» **Records supplied**:
*-*-*

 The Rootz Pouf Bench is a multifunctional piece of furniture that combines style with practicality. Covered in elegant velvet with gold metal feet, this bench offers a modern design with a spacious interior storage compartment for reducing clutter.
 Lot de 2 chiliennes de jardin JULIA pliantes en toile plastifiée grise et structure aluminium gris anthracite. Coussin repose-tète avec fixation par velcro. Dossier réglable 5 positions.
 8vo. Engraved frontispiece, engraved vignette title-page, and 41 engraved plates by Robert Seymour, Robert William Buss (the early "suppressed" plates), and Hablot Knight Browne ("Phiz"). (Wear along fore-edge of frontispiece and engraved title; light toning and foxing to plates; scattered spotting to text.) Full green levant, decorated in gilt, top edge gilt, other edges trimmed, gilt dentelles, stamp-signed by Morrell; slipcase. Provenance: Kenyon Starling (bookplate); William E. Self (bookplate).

*-*-*

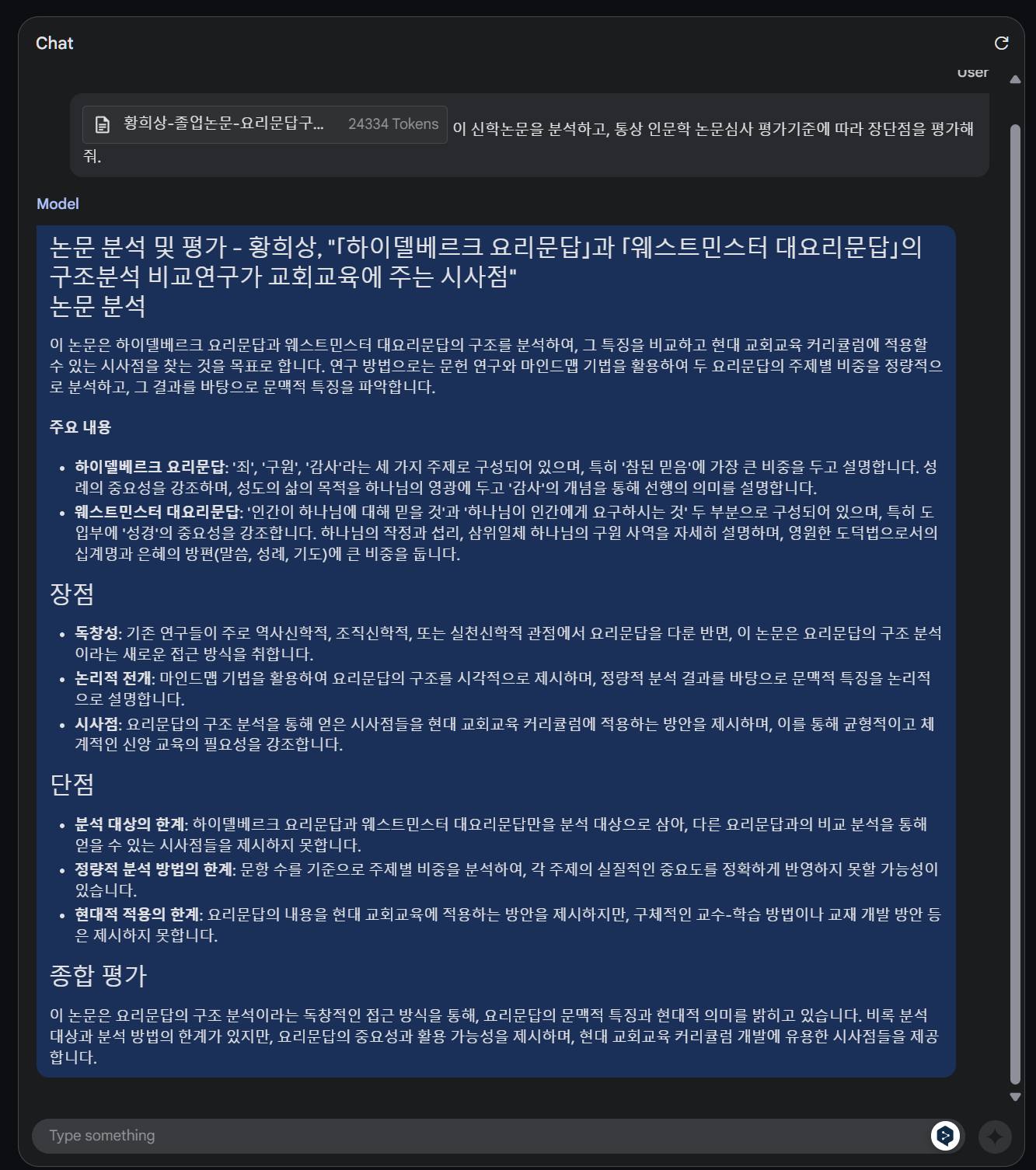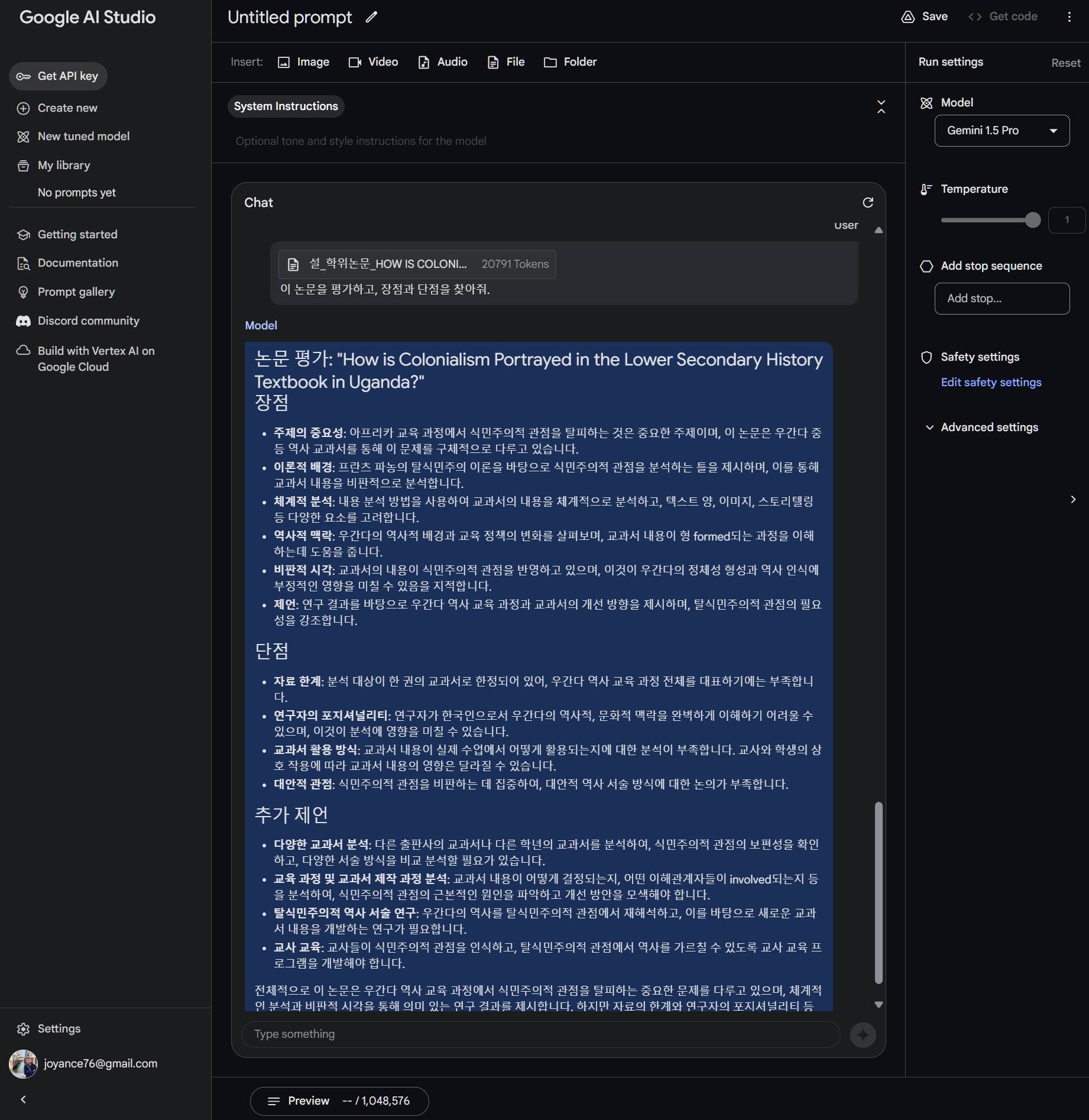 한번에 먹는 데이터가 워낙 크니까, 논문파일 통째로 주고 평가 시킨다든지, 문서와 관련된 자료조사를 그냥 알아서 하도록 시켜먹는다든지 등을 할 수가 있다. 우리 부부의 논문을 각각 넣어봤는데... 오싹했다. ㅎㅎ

*-*-*

» **Your assignment**: Using the data above, transcribe the lines that run from the line with "The Rootz Pouf" to the line with "Lot de 2 chiliennes", both ends kept, and output nothing else.

» **Your response**:
 The Rootz Pouf Bench is a multifunctional piece of furniture that combines style with practicality. Covered in elegant velvet with gold metal feet, this bench offers a modern design with a spacious interior storage compartment for reducing clutter.
 Lot de 2 chiliennes de jardin JULIA pliantes en toile plastifiée grise et structure aluminium gris anthracite. Coussin repose-tète avec fixation par velcro. Dossier réglable 5 positions.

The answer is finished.